To the credit of Covered California, they have worked to keep assessment fees levied on the health plans as reasonable as possible. The fee started out as a per member per month (PMPM) flat fee, which was approximately $13.95 back in 2015. The carriers would pay Covered California $13.95 for each person enrolled in their health plans, regardless of age, for each month. Then they transitioned to a percentage of the total premium amount. The percentage has dropped over the years until for fiscal year 2021-22 it is set at 3.25 percent. For each $100 of premium collected each month for an enrolled individual, the carrier pays Covered California $3.25. The budget notes the PMPM equivalent is $18.58, which is higher than the earlier years.
For comparison purposes, an insurance agent who assists a consumer with enrollment through Covered California is paid $5 – $16 per member per month. Some carriers still pay a percentage commission to agents on the total premium value that ranges from 1 to 3 percent on average.
I don’t know how the health plans view the Covered California assessment fee as a function of the value received from increased enrollments. Some carriers have seen a real increase in their own revenue because of Covered California and the Affordable Care Act. I suppose if they felt the fees were too high they would not participate. There is only one major health plan, Sutter Health Plus, that does not participate in Covered California individual and family plans.
Where does all of the Covered California revenue go? Technology absorbs 12 percent of the budget. Since the backbone of Covered California is the online application system (CalHEERS) the software must be continually updated to reflect new regulations and meet security requirements. This is a good investment. Customer service gets 34 percent of the budget. Advertising and outreach account for 32 percent of the budget. All of the managers and administrative staff filling out reports chew up 14 percent of revenues. Finally, the policy wonks and actuarial type folks working on the health plan designs receive the remaining 8 percent of the budget.
I’ve been following the California Health Benefits Exchange and Covered California since their inception. They really have delivered on their mission to administer the Affordable Care Act subsidies to consumers. They have not become a black hole of taxpayer money to fix rotten and decaying computer systems. They have not become a cesspool of nepotism and cronyism that has characterized some California agencies. They have not become famous for indiscreet and corrupt employee expenses for parties and trips to Hawaii.

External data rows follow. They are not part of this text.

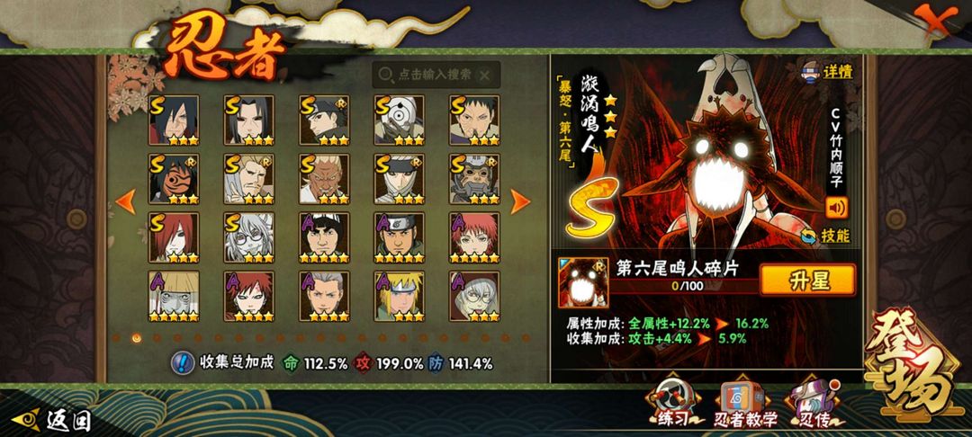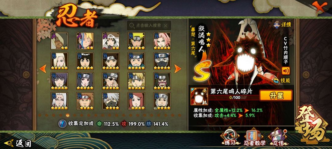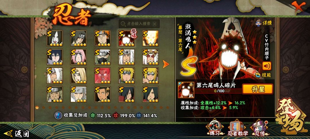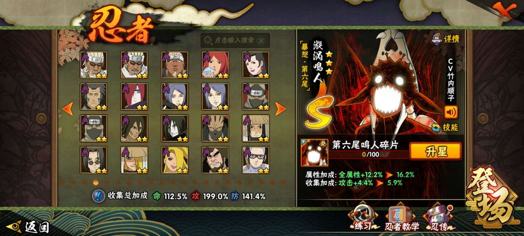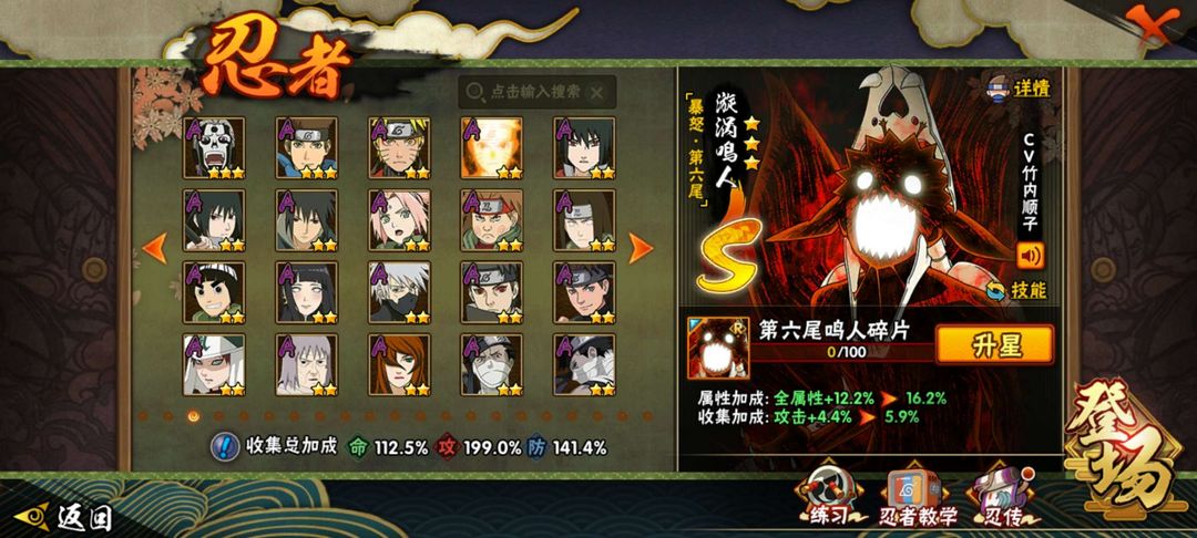 34S~51A~1100万战力~六尾鸣人,创立柱间,须佐止水等多个忍法帖忍者。欢迎各位来玩。
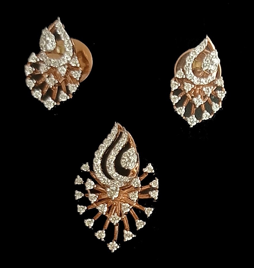 : Article Description :One Pendent Set weighing in total 6.44 gms, studded with 104 Pcs of Diamonds.![]()
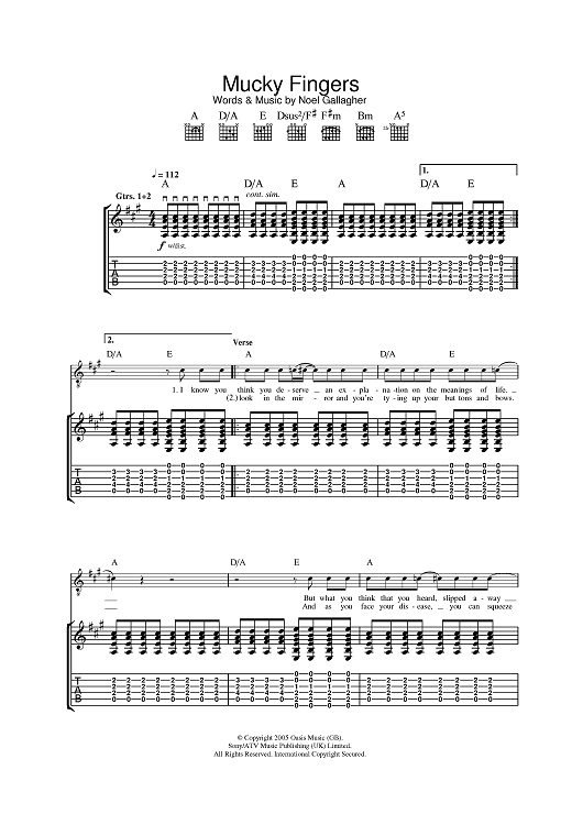 Digital Sheet Music for Mucky Fingers by Noel Gallagher, Oasis scored for Guitar Tab; id:387167
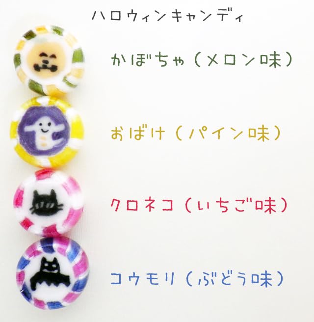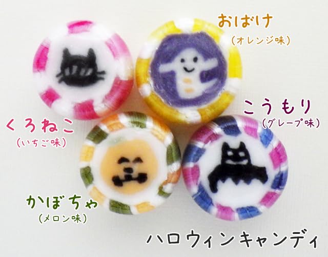 カボチャ、オバケ、クロネコ、コウモリの4種ミックス(4種均等には入っていません。)
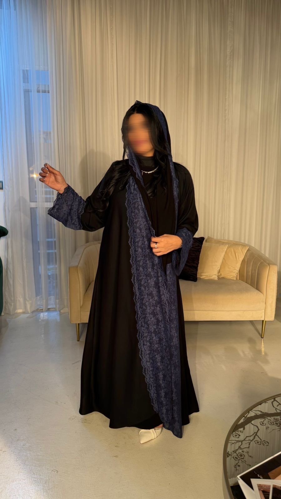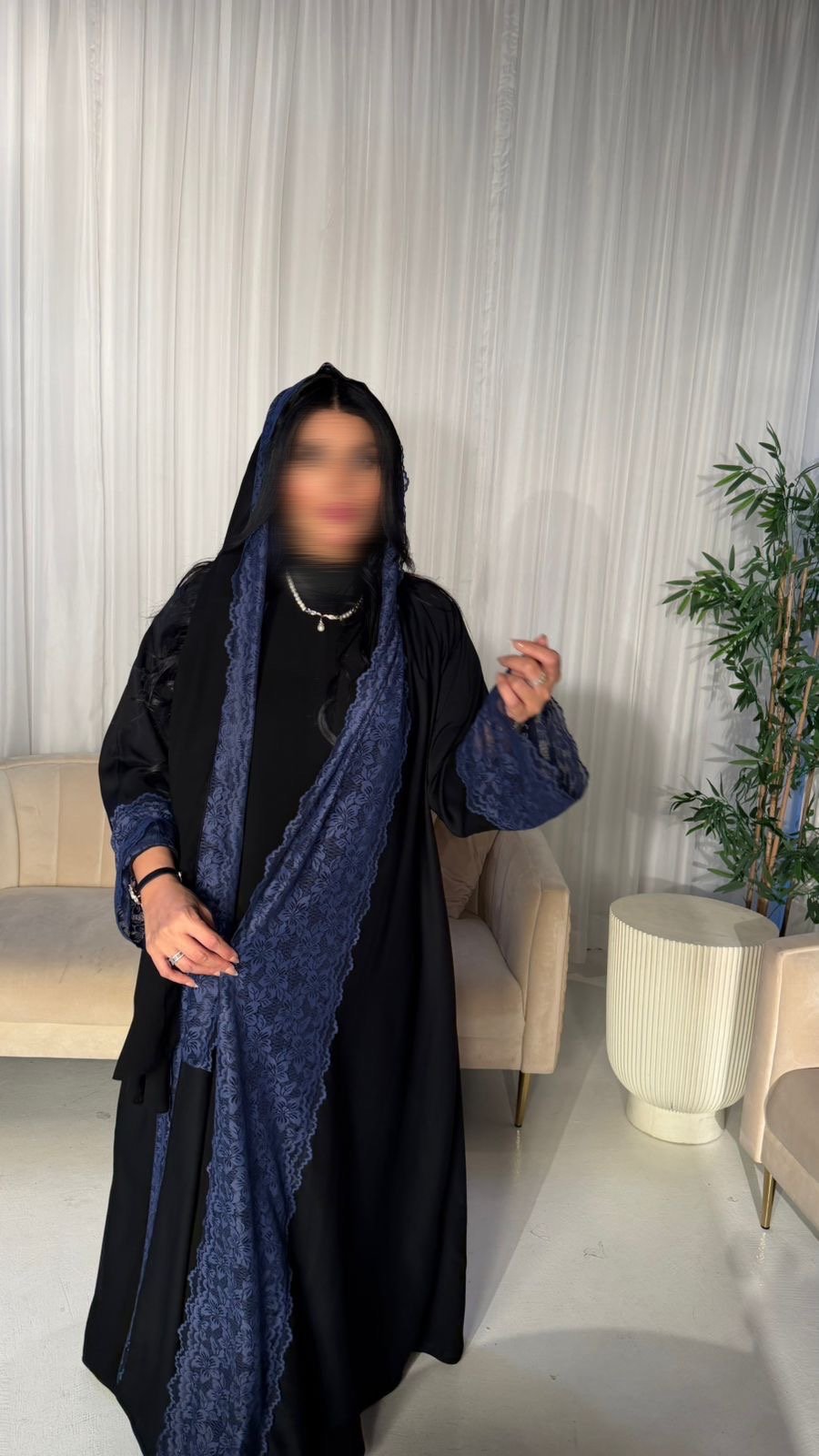 - الإضافات: دانتيل كحلي فاخر على الأكمام، كامل أطراف العباية، وطرف الطرحة.

When you review an essentially balanced budget, with prudent reserves, and an absence of bureaucratic bloat and mismanagement, Covered California really is a success story. Is Covered California perfect? No. I have plenty of gripes and complaints. I can also throw plenty of stones at the health plans for similar issues I come across at Covered California.
One of the hallmarks of properly managed enterprise is the acknowledgement of problems and the development of a plan to correct the issues. Covered California rises to the mark of being pro-active to fix problems and is on alert for future issues. I work with individual and family plans, small groups, and Medicare health and drug plans. Covered California is a model for easy and secure enrollment for agents and consumers. They have done a good job and I hope other markets will copy their successful model.